The life expectancy of people is increasing, therefore more professional caregivers are required to take care of the elderly. This results in more expensive health care. A desire for assistive technologies in health care is therefore growing to provide the caregivers to work in a more efficient way. Such assistive technologies are researched and developed at the robotics lab of Eindhoven University of Technology (TU/e) in the form of service robots.
An example of such a service robot is the Autonomous Mate for IntelliGent Operations (AMIGO) robot developed at the robotics lab of the TU/e. A picture of this robot can be seen in the figure below. It is a mobile robot with two arms. It could use its arms, for example, to pick up a drink for a patient and then hand it to the patient.
Research efforts are made to combine these robots with intelligent environments. An example of this is the research project described in my thesis. The idea is to have several service robots in an environment, such as a health care institution, and to have them controlled by a central control system. Therefore, a ubiquitous robotic framework for multi-robot planning and control is proposed. This framework integrates with existing design efforts of the open-source robotics community. The main focus of my research project is on the planning module of the proposed system.
For such a multi-robot control system, a planning module is needed to provide for flexibility. The system needs to be flexible so that it can be used in various different environments and with different types of robots. This planning module handles the planning and scheduling of multiple tasks for the robots in an intelligent way. Therefore, the field of automated planning for robotic systems is analyzed first in my thesis. This is followed by a literature study on subjects ranging from automated planning, to Semantic Web and robotic technologies, such that all fields of ubiquitous robotics are covered. Based on the analysis and the literature study requirements are formed for the system. These requirements are then used to create the design of the framework. Furthermore, a prototype of the framework is implemented and experiments are performed with this prototype. The results of these experiments are evaluated. The thesis also includes a comparison between the proposed system and other similar planning systems as part of the discussion after the evaluation.
The design of the framework includes technologies such as Robot Operating System (ROS), Semantic Web Ontology languages (OWL and OWL-S), RoboEarth Cloud Engine (Rapyuta), and MIndiGolog, as they are innovative, provide genericness and integrate well with each other. MIndiGolog is a high-level agent programming language for multi-agent systems, and is based on situation calculus, a logic formalism designed for representing and reasoning about dynamic domains. MIndiGolog can reason over world states and transitions between states. In the proposed system, robots are also required to have a robot-type description available, which describes the specific robot capabilities of each connected robot, so that the planner can select the right robot for specific tasks. The planner searches for plans to accomplish user-given tasks.
The programming languages Python and Prolog are used to implement the prototype of the framework. PySWIP is used to query Prolog rules in Python. The prototype includes an executive layer, a planning layer and an ontology layer. The figure below displays these three layers. My thesis focuses on the planning layer.
Several qualitative tests and an experiment with real robots are performed with the implemented prototype. The tests are performed to validate the functionality of the planning module of the system. The experiment describes a use case in which robots need to help with a cocktail party. In this use case, the robots need to take orders from guests, bring drinks to the guests, find empty drinks, and clean up empty glasses. The performed experiment however only includes the subtask of detecting empty drinks, due to limited time and resources. The robots need to navigate to the location where they expect empty drinks to be found and then perceive the empty drink.

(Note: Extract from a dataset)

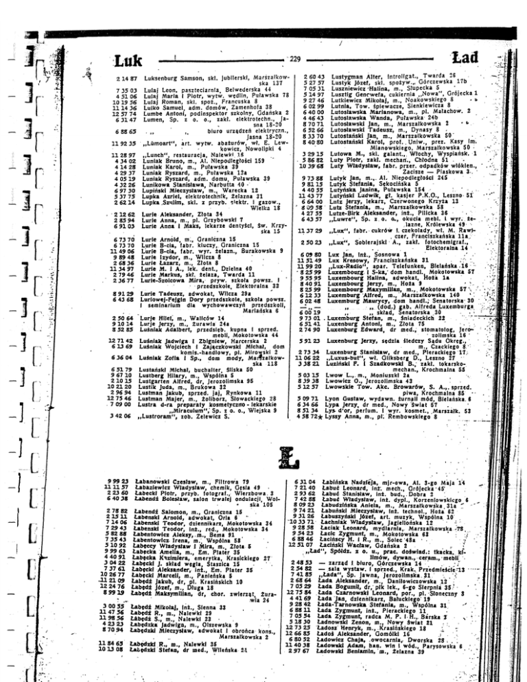 Łuk 2 14 87 229 Luksenburg Samson, skl. jubilerski, Marszałkow ska 137 7 35 03 Lulaj Leon, paszteciarnla, Belwederska 44 4 51 06 Lulaj Maria 1 Piotr, wytw. wędlin, Puławska 78 1019 56 Lulaj Roman, skl. spoż., Francuska 8 1114 36 Lulko Samuel, adm. domów, Zamenhofa 38 12 57 74 Lumbe Antoni, podinspektor szkolny, Gdańska 2 6 3147 Lumen, Sp. z o. o., zakł. elektrotechn., Ja sna 18-20 6 88 65 . ,, , biuro urządzeń elektryczn., Jasna 18-20 1192 35 „Lümoart", art. wytw. abażurów, wł. E. Lew kowicz, Nowolipki 4 1128 97 „Lunch", restauracja, Nalewki. 16 4 34 02 Luniak Bruno, m., Al. Niepodległości 159 414 28 Luniak Karpi, m., Puławska 39 4 29 37 Luniak Ryszard, m., Puławska 12a 4 0519 Luniak Ryszard, adm. domu, Puławska 39 4 32 26 Lunikowa Stanisława, Narbutta 40 6 97 30 Lupiński Mieczysław, m., Warecka 12 5 37 75 Lupka Azrieł, elektrotechnik, Żelazna 31 2 6214 Lupka .Szulim,. skl. z przyb. e»ektr. 1 gazów., Wielka 18 . 2 12 62 Lurie Aleksander, Złota 34 2 85 94 Lurie Anna, rn., pl. Grzybowski 7 6 9103 Lurie Anna i Maks, lekarze dentyści, Sw. Krzy ska 15 6 73 70 Lurie Arnold, m., Graniczna 15 6 73 70 Lurie B-cia, fabr. kluczy, Graniczna 15 1149 06 Lurie B-cła, fabr. wyr. żelazn., Burakowska 9 9 89 48 Lurie Izydor, m., Wilcza 8 2 68 36 Lurie Łazarz, m., Złota 8 11 34 97 Lurie M . i A., lek. dent., Dzielna 40 2 79 46 Lurie Markus, skł. żelaza, Twarda 11 2 36 77 Lurie-Szolcowa Mira, pryw. szkoła powsz. I • przedszkole. Elektoralna 32 8 9129 Lurie Tadeusz, adwokat, Wilcza 29a 6 43 68 Lurłowej-Fejgin Dory przedszkole, szkoła powsz. i seminarium dla wychowawczyń przedszkoli, Mariańska 6 2 50 64 Lurje Hilel, m., Waliców 14 9 10 14 Lurje Jerzy, m., Żurawia 24a 8 52 85 Luśniak Adalbert, przedsieb. kupna I sprzed. mebli, Mokotowska 44 12 7142 Luśniak Jadwiga i Zbigniew, Harcerska 2 613 69 Luśniak Wojciech i Zajączkowski Michał, dom komis.-handłowy, pl. Mirowski 2 6 36 04 Luśniak Zofia 1 Sp., dom mody, Marszałkow ska 118 6 5179 Lustański Michał, buchalter, śliska 50 9 67 10 Lustberg Hilary, m., Wspólna 5 2 10 15 Lustgarten Alfred, dr, Jerozolimska 95 10 2120 Lustik Juda, m., Brukowa 32 2 96 94 Lustman Jakub, sprzed, jaj, Rynkowa 11 12 75 46 Lustman Majer, m., żoliborz, Słowackiego 28 7 09 00 Lustra d-ra preparaty kosmetyczno - lekarskie „Miraculum"," Sp. z o. o., Wiejska 9 3 42 06 „Lustroram", zob. Zelewicz S. 9 99 11 U 2 23 6 40 23 Łabanowski Czesław, m., Filtrowa 79 57 Łabaziewicz Władysław, chemik, Gęsia 49 60 Łabęcki Piotr, przyb. fotograf., Wierzbowa. 3 38 Łabendź Bolesław, salon trwałej ondulacji, Wol ska 105 2 78 82 Łabendź Salomon, m., Graniczna 15 21511 Łabensk! Arnold, adwokat, Orla 6 7 14 06 Łabensk! Teodor, dziennikarz, Mokotowska 34 7 29 43 Łabensk! Teodor, inż., red., Mokotowska 34 5 82 88 Łabentowicz Aleksy,.nu, Bema 91 . 7 35 43 Łabentowicz Irena, m. Wspólna 58 5 10 92 Łabęccy Władysław 1 Mira, m. Złota 5 9 99 63 Łabęcka Amelia, m., Em. Plater 35 4 40 91 Łabęcka Kazimiera, emerytka, Krasickiego 27 3 04 22 Łabęcki J. skład węgla, Staszica 15 7 37 61 Łabęcki Aleksander, inż., Em. Plater 35 10 26 77 Łabęcki Marceli, m., Panieńska 5 -11 2109 Łabędź Jakub, dr, pl. Krasińskich 10 12 24 76 Łabędź Józef, m., Długa 18 8 9919 Łabędź Maksymilian, dr, chor. zwierząt, Żura wia 24 3 00 55* Łabędź Mikołaj, Inż., Sienna 33 11 47 56 Łabędź R., m., Nalewki 29 1198 56 Łabędź S., m., Nalewki 23 • 423 23 Łabędzka Jadwiga, m., Olszewska 9 8 70 94 Łabędzic! Mieczysław, adwokat I obrońca kons., Marszałkowska 2 1184 65 ŁabędzW R., m., Nalewki 35 1013 08 Lafcędzki Stefan, dr med.. Wileńska 21 Ład Lustygman Alter, introllgat., Twarda 28 Lustyk Józef, skl. spożyw.,< Górczewska 17b Luszniewicz'Halina, m., Słupecka 5 Lusztig Genowefa, cukiernia „Nowa", Grójecka 1 Lutkiewicz Mikołaj, m., Noakowskiego 8 . * Lutnia, Tow. śpiewacze, Sienkiewicza 8 Lutosławska Marianowa, m., pl. Małachow. 2 Lutosławska Wanda, Puławska 24b Lutosławski Jan, m., Marszałkowska 2 • * Lutosławski Tadeusz, rn., Dynasy 8 ^ Lutostański Jan, m., Marszałkowska 50" Lutostański Karol, prof.. Uniw., prez. Kasy im. Mianowskiego, Marszałkowska 50 • Lutowa M . , skl. galant.,. Włochy, Wyspiańsk. 1 Luty Piotr, zakł. mechan., Chłodna 51 . Luty Władysław, fabr. przer. odpadków włókien., Zacisze — Piaskowa 3-, Lutyk Jan, m.,. AL Niepodległości 245 Lutyk Stefania, Sękocińśka 5 Lutyńska Janina, Puławska 154 Lutyński Ludwik, gł. kasjer P.K.O., Leszno 51 Lntz Jerzy, lekarz, Czerwonego Krzyża 13 Lutz Stefania, m., Marszałkowska 58 Lutze-Birk Aleksander, inż., Pilicka 36 „ L u w r e " , Sp. z. o. o., okucia mebl. I. wyr., że lazne, Królewska 49 „ L u x " , fabr. cukrów I . czekolady, wł. M. Rawl. czer, Franciszkańska l l a . ; „ L u x " , Sobłerajski A., zakł. fotochernigraf.. Elektoralna 14 Lux Jan, Inż., Sosnowa 1 Lux Kresowy, Franciszkańska 31 „Lux-Radio", apar. Telefunken, Bielańska. 16 Luxembourg i S-ka,' dom handl. Mokotowska 57 Luxembourg Halina, adwokat, Hoża l a Luxembourg Jerzy, m., Hoża 9 Luxembourg Maxymillan, m.,. Mokotowska 57'. Luxemburg Alfred, m.. Marszałkowska 140 Luxemburg Maurycy, dom handl.; Senatorska- 30 „ (dod.) gab. Alfreda Luxemburga ,, „ skład, Senatorska .30 . Luxemburg Stefan, m., Śniadeckich 22 Luxenburg Antoni, m., Złota 75 Luxenburg Edward, dr med., stomatolog. Jero zolimska 16 ' Luxenburg Jerzy, sędzia śledczy Sądu Okręg., m., Czackiego 8.'' Luxenburg Stanisław, dr med., Pierackiego 17.. „Luxus-but", wł. Giiksberg D., Leszno 27 Luziński F. 1 Szadkowski B., zakł. tokarskomechan., Krochmalna 55 Lwów L.,. m., Moniuszki 2a Lwowicz O., Jerozolimska 43 Lwowskie Tow. Akc. Browarów, S. A*,, sprzed. piwa, Krochmalna 85 •• Lyon Gustaw, wydawn. żurnall mód, Bielańska. 6 Lypa Jerzy, dr med., Nowy świat 57 Lys- d'or, perfum, i wyr. kosmet., .Marszałk. 53 1 6 31 04 Łabińska Nadzieja, mjr-owa, A l . 3-go Maja 14

The picture below shows the experiment. As can be seen, two service robots stand in the middle of a room. The robots need to drive to a location where they expect empty drinks to be found and then perceive this drink. The planning module needs to select the closest robot to go to the closest drink. A video of the experiment is available online.
The results of both the tests and the experiment are successful, as the tests performed as expected and the robots navigated to the nearest location where they expect empty drinks to be found in the experiment. There were however some performance issues with the communication interface of the system, including latency and bandwidth issues. Based on the results, the proposed framework is evaluated as a feasible approach to a ubiquitous robotic system for multi-robot planning and control.